((

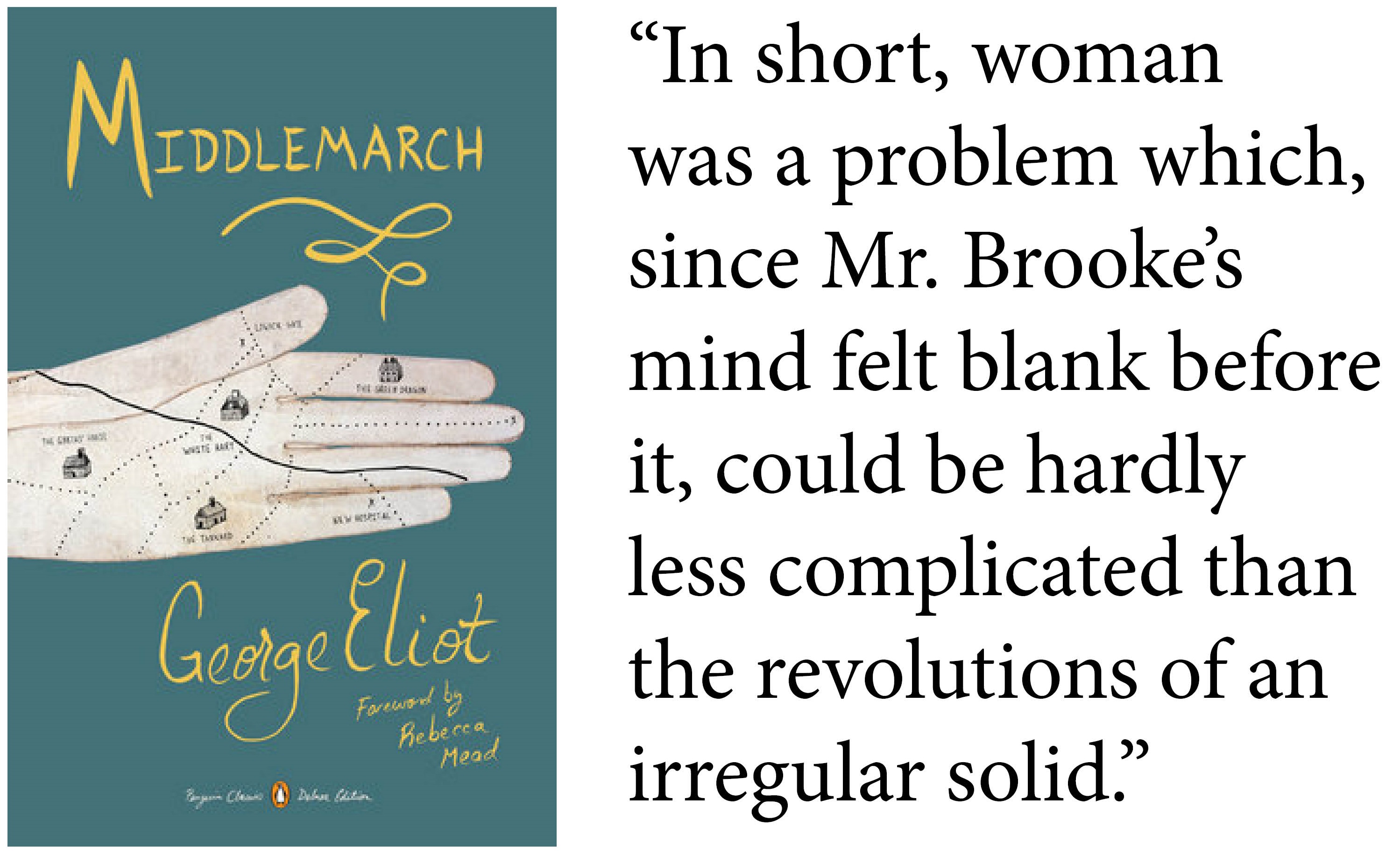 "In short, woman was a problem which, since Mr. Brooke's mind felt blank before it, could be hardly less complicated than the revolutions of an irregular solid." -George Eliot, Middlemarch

))
((

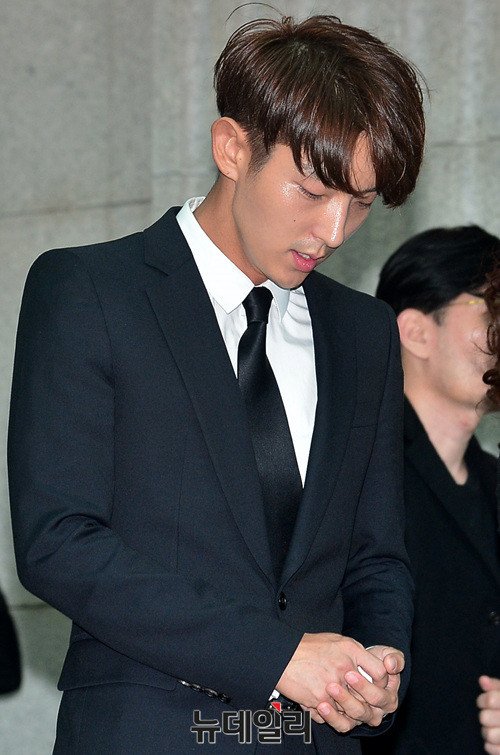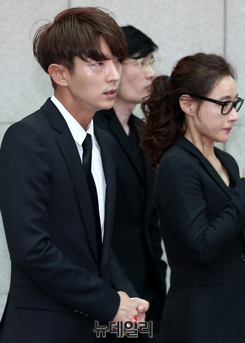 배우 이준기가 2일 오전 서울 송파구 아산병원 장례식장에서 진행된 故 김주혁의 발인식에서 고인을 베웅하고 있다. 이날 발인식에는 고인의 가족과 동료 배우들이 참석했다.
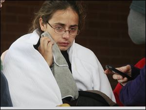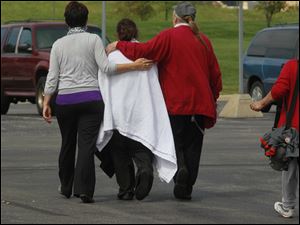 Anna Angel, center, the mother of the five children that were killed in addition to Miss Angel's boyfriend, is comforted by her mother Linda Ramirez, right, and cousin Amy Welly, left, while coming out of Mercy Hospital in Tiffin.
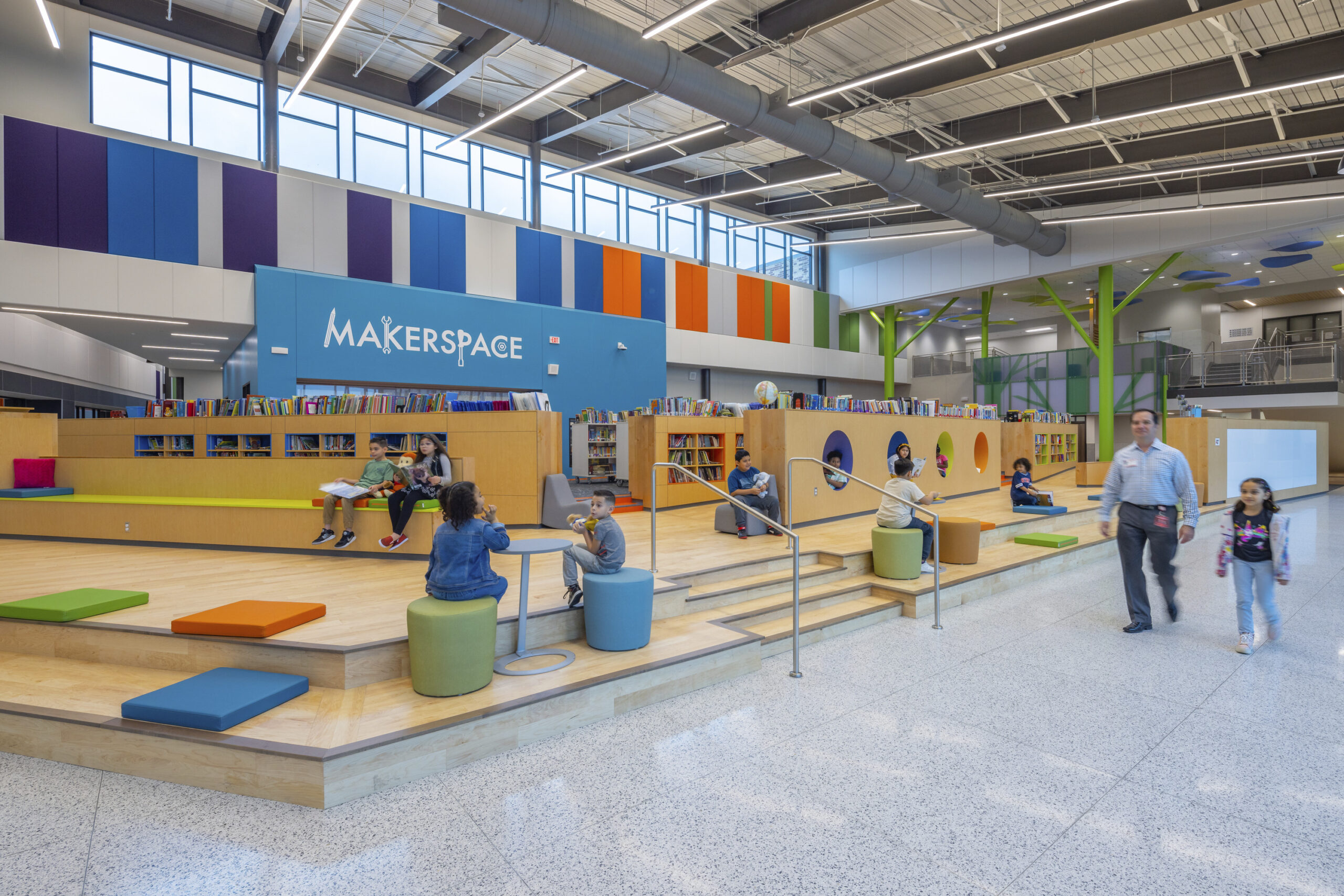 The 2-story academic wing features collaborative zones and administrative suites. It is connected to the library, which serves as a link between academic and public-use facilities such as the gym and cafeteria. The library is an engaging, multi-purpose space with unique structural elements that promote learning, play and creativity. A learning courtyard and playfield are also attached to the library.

))

EXERCISE OBJECTIVE:
Using the data above, retype exactly the lines from the line with "배우 이준기가 2일 오전" to the line with "The 2-story academic", inclusive. No pictures and nothing else.

EXPECTED ANSWER:
 배우 이준기가 2일 오전 서울 송파구 아산병원 장례식장에서 진행된 故 김주혁의 발인식에서 고인을 베웅하고 있다. 이날 발인식에는 고인의 가족과 동료 배우들이 참석했다.
 Anna Angel, center, the mother of the five children that were killed in addition to Miss Angel's boyfriend, is comforted by her mother Linda Ramirez, right, and cousin Amy Welly, left, while coming out of Mercy Hospital in Tiffin.
 The 2-story academic wing features collaborative zones and administrative suites. It is connected to the library, which serves as a link between academic and public-use facilities such as the gym and cafeteria. The library is an engaging, multi-purpose space with unique structural elements that promote learning, play and creativity. A learning courtyard and playfield are also attached to the library.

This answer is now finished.